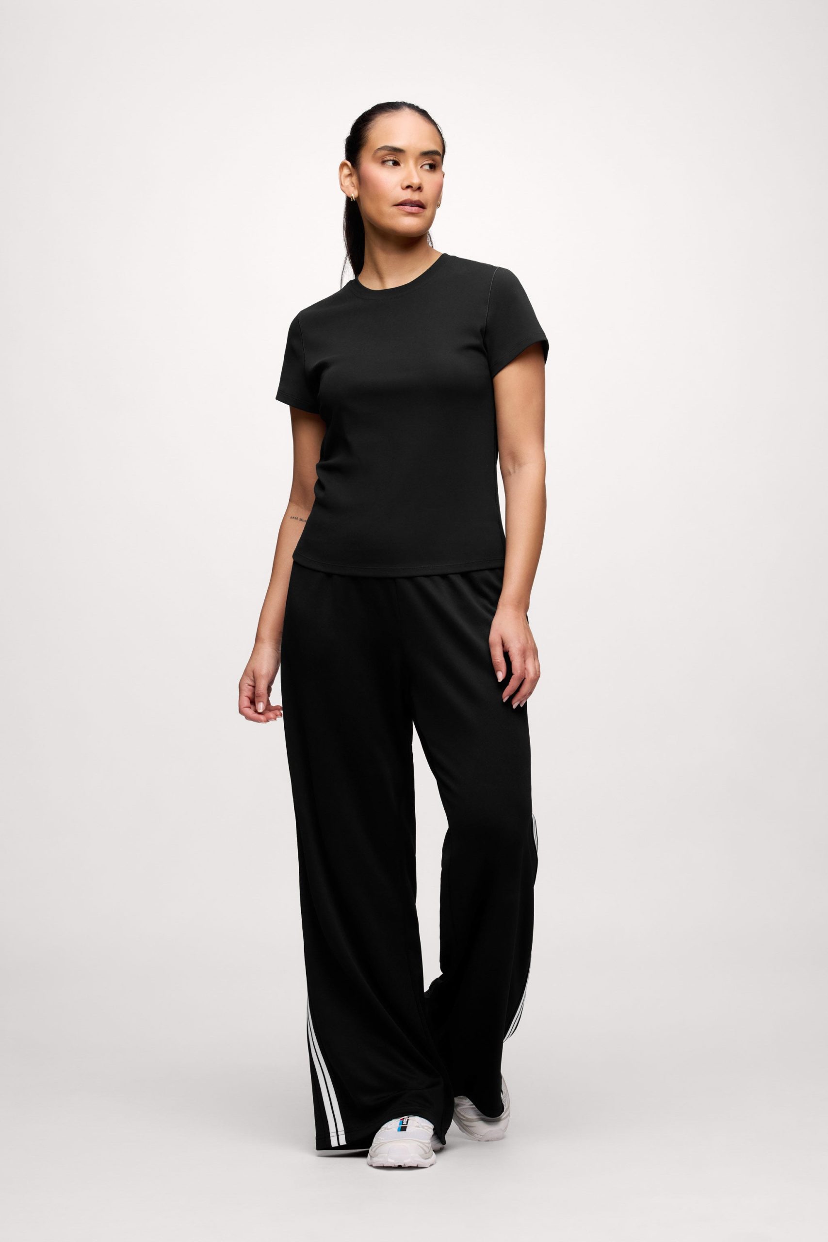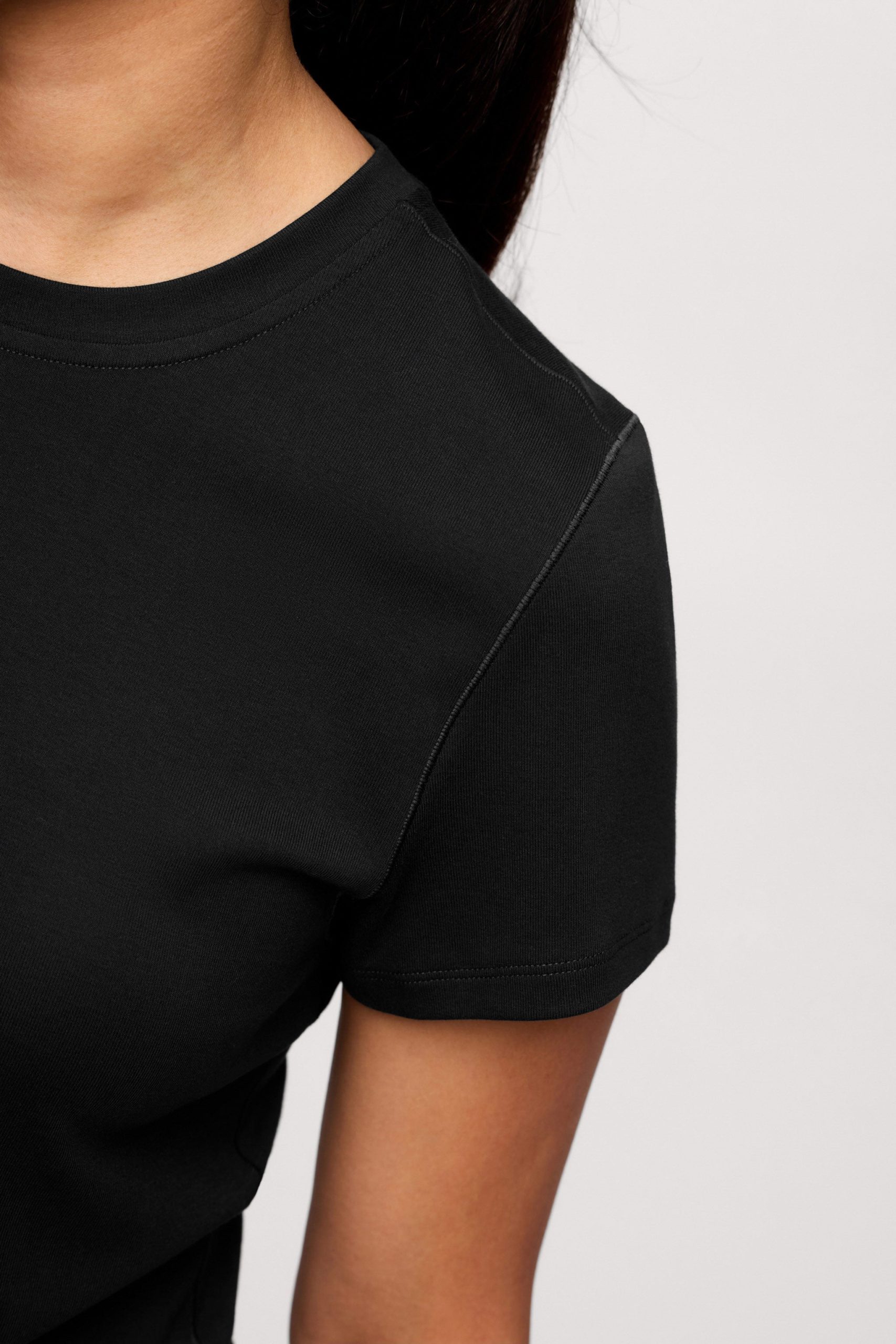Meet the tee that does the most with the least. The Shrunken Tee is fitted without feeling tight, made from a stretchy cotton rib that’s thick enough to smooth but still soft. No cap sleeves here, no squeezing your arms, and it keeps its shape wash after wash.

...

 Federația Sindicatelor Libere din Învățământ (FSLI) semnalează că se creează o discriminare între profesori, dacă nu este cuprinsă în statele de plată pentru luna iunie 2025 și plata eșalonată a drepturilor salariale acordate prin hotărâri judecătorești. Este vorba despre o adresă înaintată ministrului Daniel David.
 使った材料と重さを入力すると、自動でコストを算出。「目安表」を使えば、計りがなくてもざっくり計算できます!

==

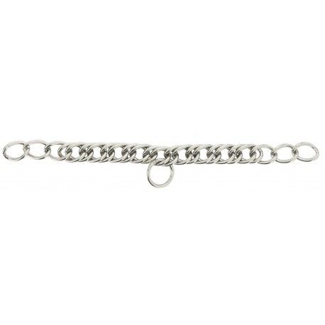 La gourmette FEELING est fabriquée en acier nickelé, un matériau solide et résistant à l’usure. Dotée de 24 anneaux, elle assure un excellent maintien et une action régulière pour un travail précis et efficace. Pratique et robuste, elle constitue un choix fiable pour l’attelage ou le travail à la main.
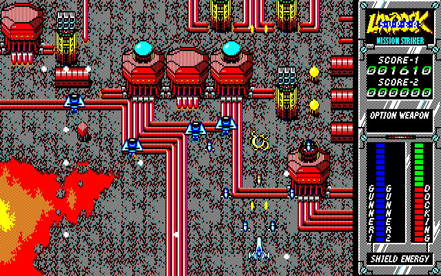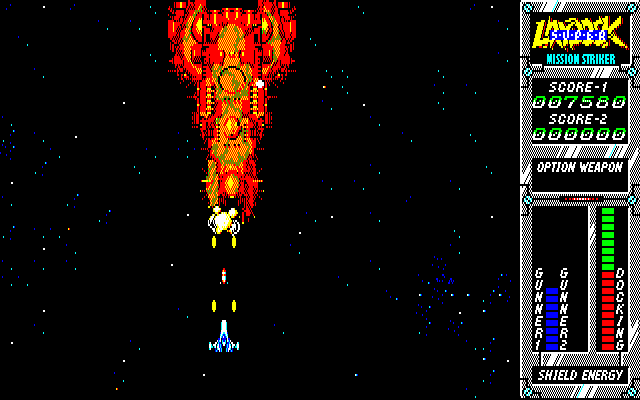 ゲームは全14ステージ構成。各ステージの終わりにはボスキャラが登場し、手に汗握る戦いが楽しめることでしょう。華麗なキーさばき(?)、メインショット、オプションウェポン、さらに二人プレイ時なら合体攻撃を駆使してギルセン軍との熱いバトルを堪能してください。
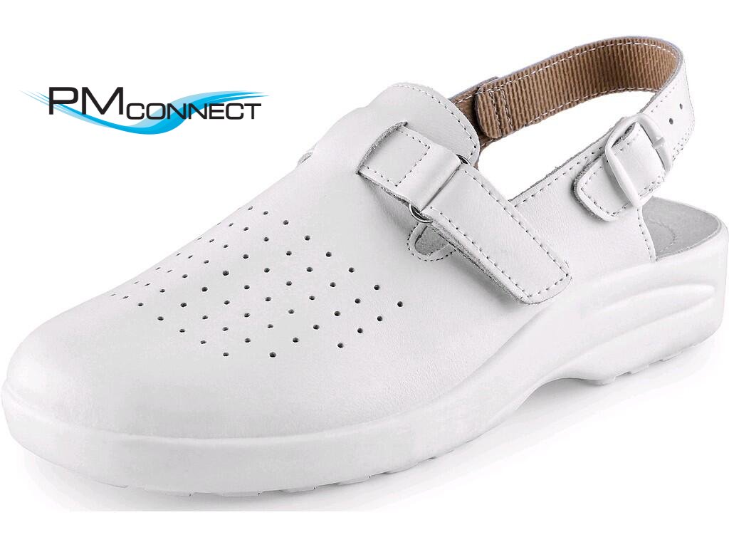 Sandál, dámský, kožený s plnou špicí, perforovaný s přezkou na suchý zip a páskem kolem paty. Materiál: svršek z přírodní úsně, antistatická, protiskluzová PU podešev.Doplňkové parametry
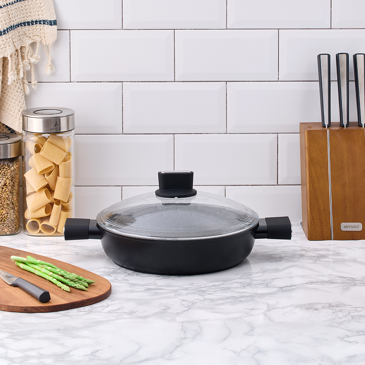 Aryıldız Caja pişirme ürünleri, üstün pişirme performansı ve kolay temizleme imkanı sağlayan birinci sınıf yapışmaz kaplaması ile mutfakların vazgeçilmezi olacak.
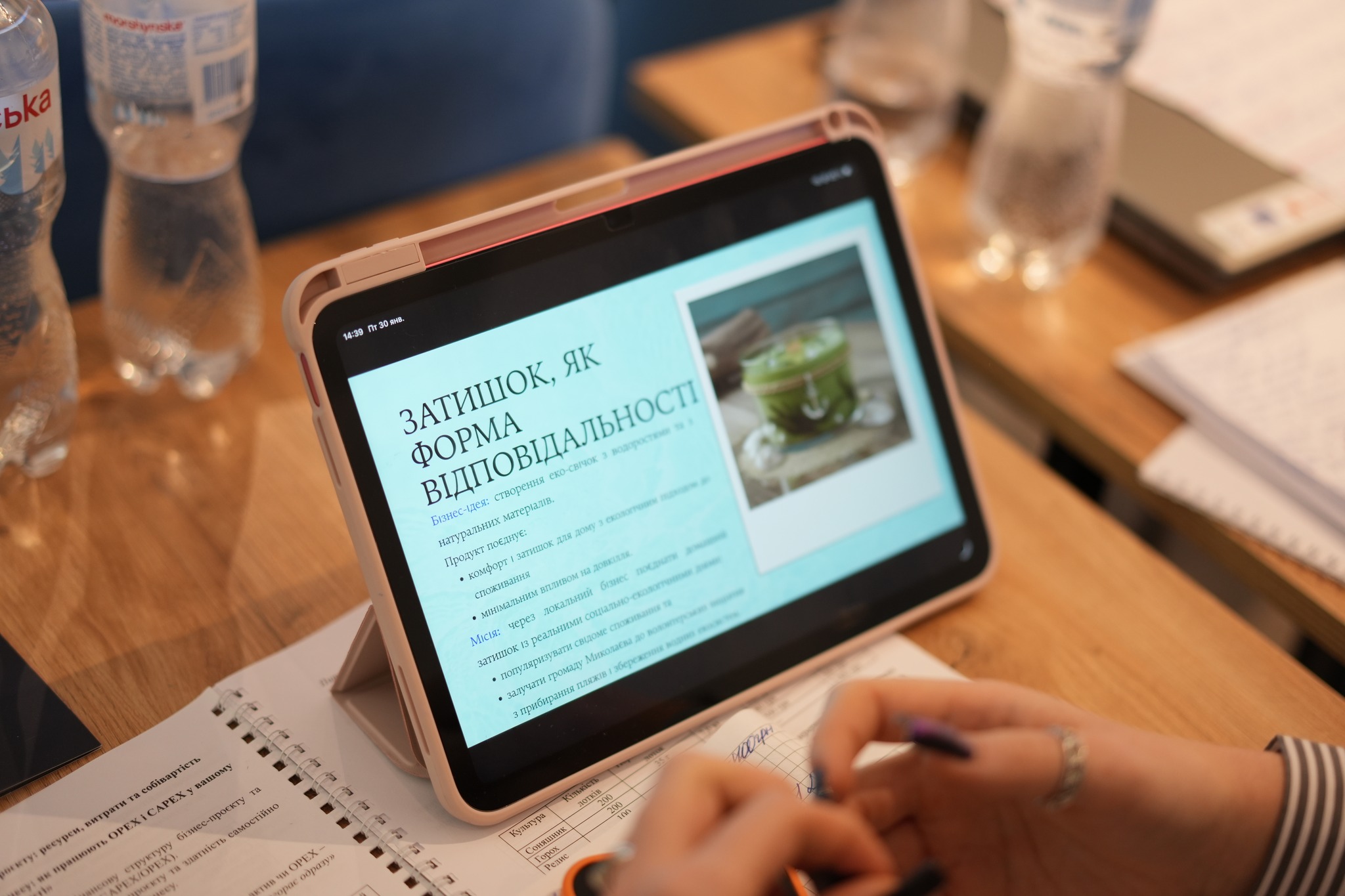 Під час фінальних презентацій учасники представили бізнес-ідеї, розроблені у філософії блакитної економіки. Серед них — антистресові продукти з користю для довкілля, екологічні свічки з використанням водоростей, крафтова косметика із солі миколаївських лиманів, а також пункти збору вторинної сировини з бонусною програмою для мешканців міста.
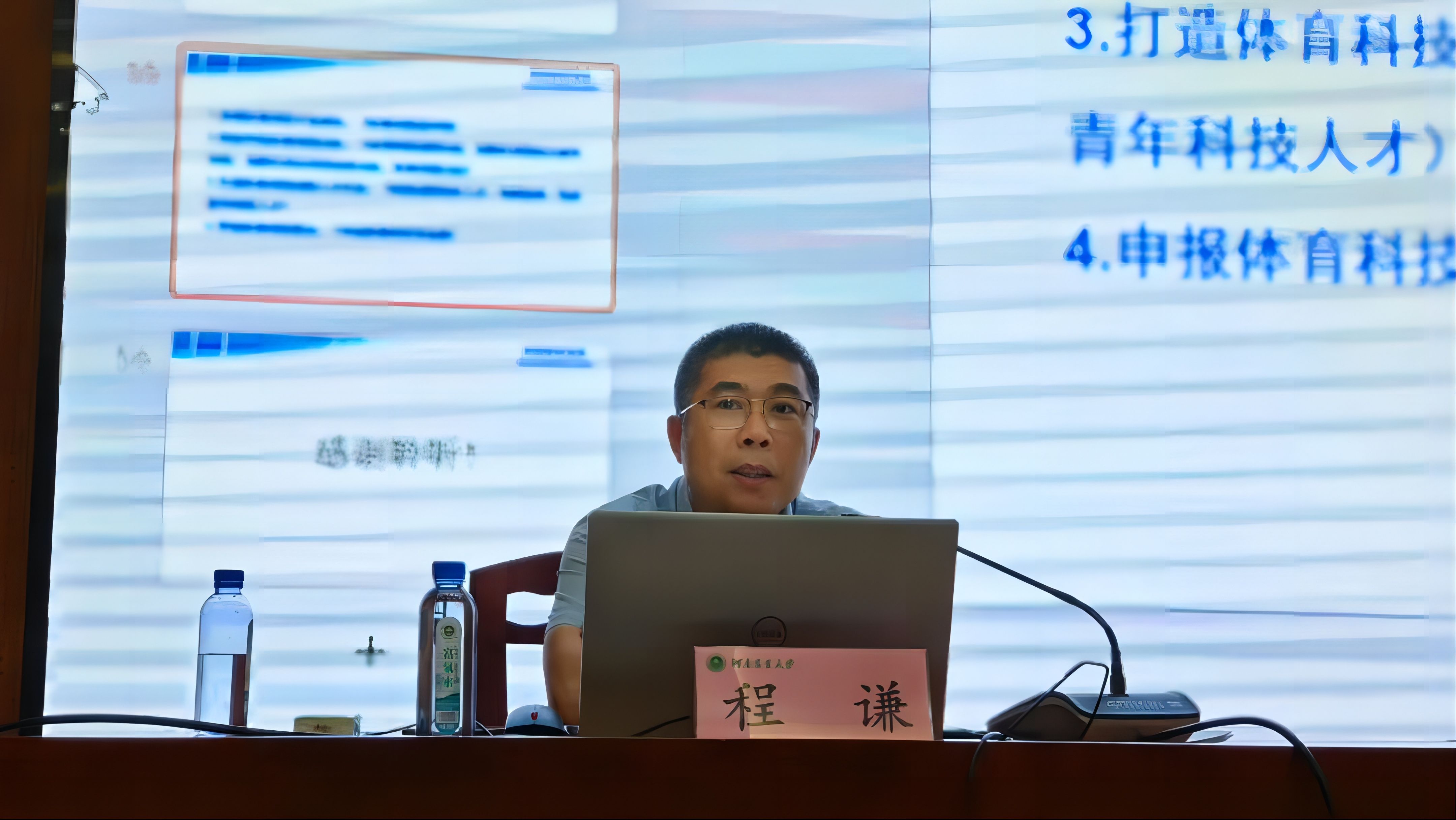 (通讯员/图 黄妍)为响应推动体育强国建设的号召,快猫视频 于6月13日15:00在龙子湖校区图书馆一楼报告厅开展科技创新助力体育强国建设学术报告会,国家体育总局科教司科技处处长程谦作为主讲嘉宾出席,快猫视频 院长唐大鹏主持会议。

* **Work instruction**
In the data above, retype exactly and only the lines between the one holding "Federația Sindicatelor Libere" and the one holding "使った材料と重さを入力すると", inclusive.

* **Answer to the exercise**
 Federația Sindicatelor Libere din Învățământ (FSLI) semnalează că se creează o discriminare între profesori, dacă nu este cuprinsă în statele de plată pentru luna iunie 2025 și plata eșalonată a drepturilor salariale acordate prin hotărâri judecătorești. Este vorba despre o adresă înaintată ministrului Daniel David.
 使った材料と重さを入力すると、自動でコストを算出。「目安表」を使えば、計りがなくてもざっくり計算できます!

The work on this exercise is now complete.